Вечерами я боялся заходить в пустую комнату. И засыпал
на скамейке под рябиной, в саду райпотребсоюза.
Сонного, продрогшего, мама заносила меня домой,
вернувшись с работы. Потом я заболел.
Мать на руках отнесла меня в больницу. Нас было
шестеро ребятишек в палате. Здесь-то я впервые и услышал
это страшное слово — туберкулёз.
В одну из ночей мне не хватало воздуха… На дворе
мороз. Мать вытащила койку в коридор, накалила печку,
открыла окна и двери. Завод дал уголь.
Ребят в палате становилось всё меньше и меньше, и нянюшки
плакали, когда их выносили.
Из палаты вышел я один.
Около года я валялся дома. Мать, завернув меня в
одеяло, большого, нескладного, тащила на руках на поляну
перед станцией. А позже выводила, держа за руку, в лес
за железнодорожным полотном и, собрав кружку ягод, мы
ели их по одной, а мать рассказывала о Киеве и об отце…
Потом был День Победы!
Мы, ребятишки, торчали на станции днями, — а
взрослые приходили после работы. Когда кто-то выходил
на нашей станции, все кидались к нему, и мы в первую
очередь.
— Моего не видал?., там…
Он не уходил с вокзала, а обходя всех и поздоровавшись,
низко поклонившись старикам и поцеловав
родную землю, подходил к тем, кто стоял в чёрных
косынках поодаль.
Уже многие пришли домой. Вернулся и мой отец. Но я
всё ходил и ходил встречать с ребятишками и тёмными
косынками тех, кого ждали.
Людей на перроне становилось всё меньше и меньше,
и женщины, в чёрных косынках, согнувшись, взяв детей
за руки, переулками, в слезах шли домой…
Дорога катит по мне.
Война гонится за мной…
Сибирь. Станция. Кормиловка. Женщины в тёмных
косынках. В моём сердце. Навсегда.
Мы, обнявшись, сидим на чемодане воспоминаний.
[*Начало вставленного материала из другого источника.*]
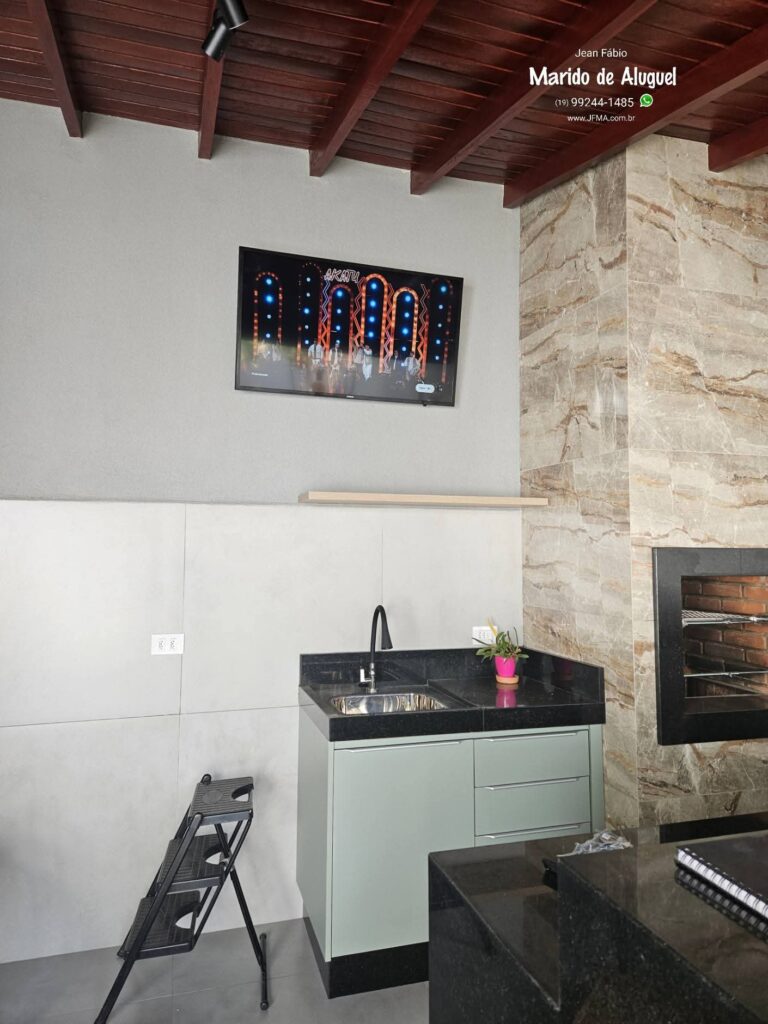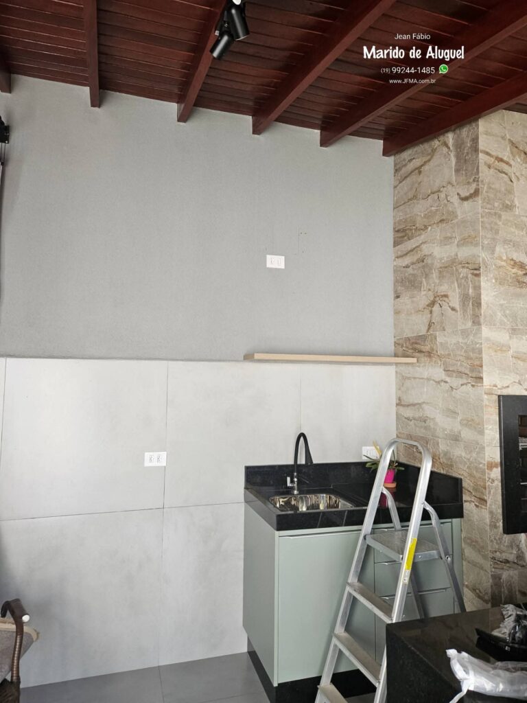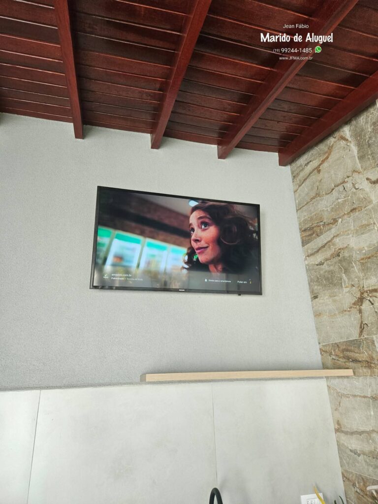 E além desse serviço, eu também instalei uma televisão bem no alto, na área de churrasco da casa.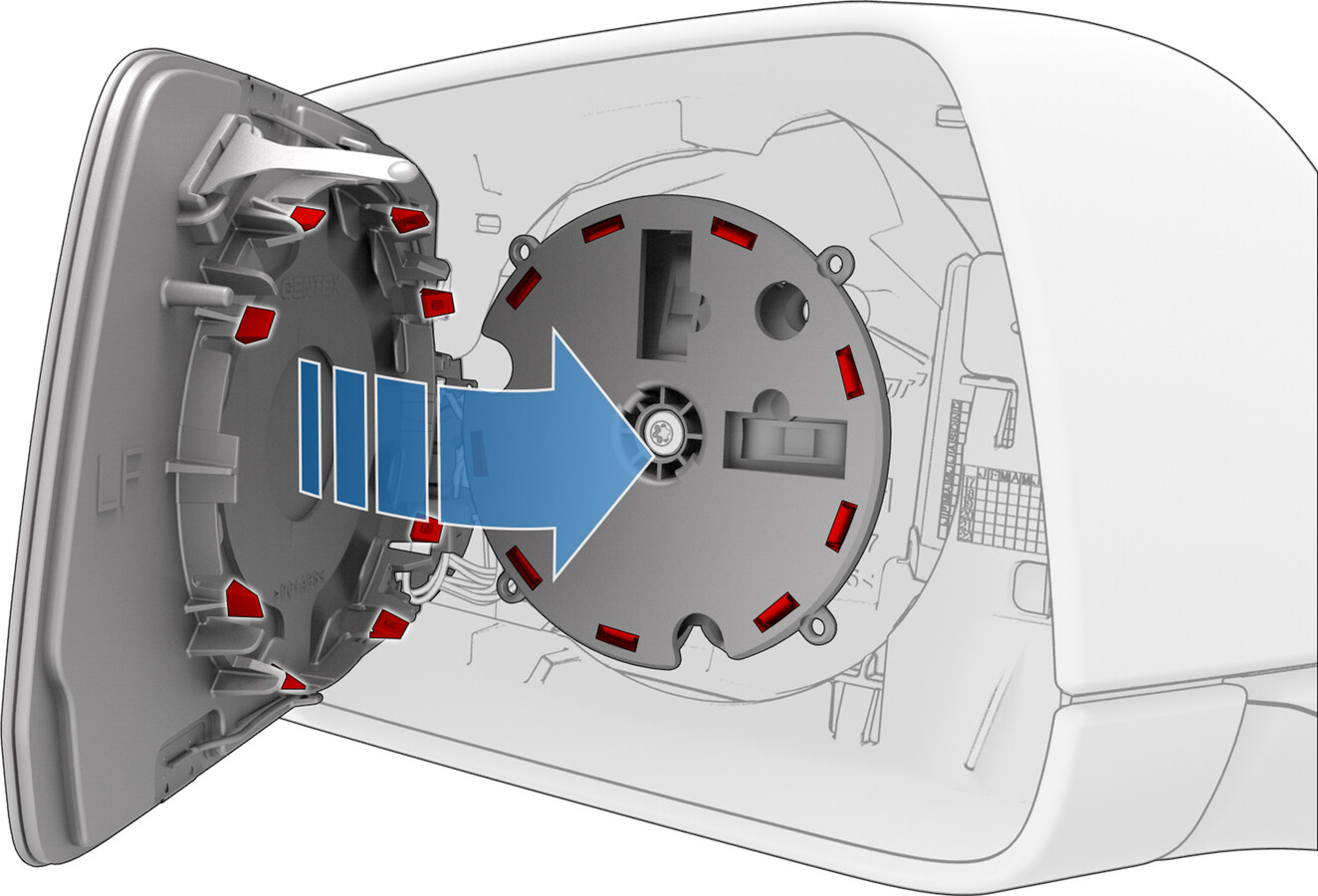 NoteWhen aligned correctly, the metal tab on the door mirror glass goes the top right of the door mirror assembly.CAUTIONTake care not to damage component(s).

Мама тихо плачет и смотрит на фотографию. На фотографии
стоит солдат, мой отец. Снег на ушанке, снег на
шинели.
Война. Зима 42-го года…
Тридцать лет спустя…
Зима. Метёт метель. Мы идём по кладбищу, медленно
прокладывая путь по сугробам, впереди — отец, а я за
ним…
“…Знаешь, если ты когда-нибудь не сможешь
отыскать дороги к родным могилам, стань спиной к
старым воротам и посмотри в небо, и ты увидишь
старую берёзу. Вот мы и пришли” — говорит он и кладёт
ладонь на заснеженный ствол…
…Теперь навсегда у берёзы.
Года идут. В эмиграции. Летят года. Я не радовал тебя
в детстве и огорчал в зрелости, и вот теперь я молюсь,
кричу в небо Америки: “Прости меня, отец…”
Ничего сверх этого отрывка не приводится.